# Task directions
The required output is a verbatim transcription of the listing, pictures excluded.

# Data block
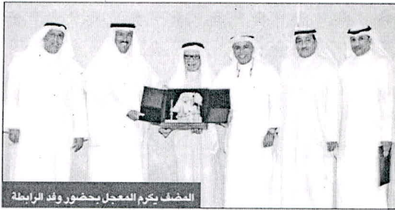
المضف بكرم المعجل بحضور وفد الرابطة

أبل: مصرون على أن تبقى «الشداوية» جزءاً لا يتجزأ من الجامعة
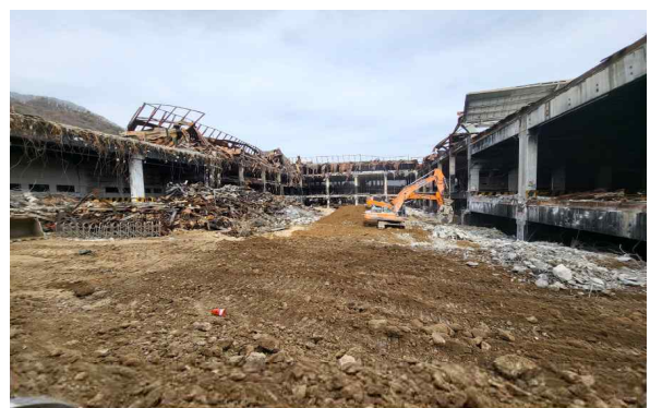
<현재 해체공사 전경(1공구 완료)>

# Completed task
المضف بكرم المعجل بحضور وفد الرابطة

أبل: مصرون على أن تبقى «الشداوية» جزءاً لا يتجزأ من الجامعة
<현재 해체공사 전경(1공구 완료)>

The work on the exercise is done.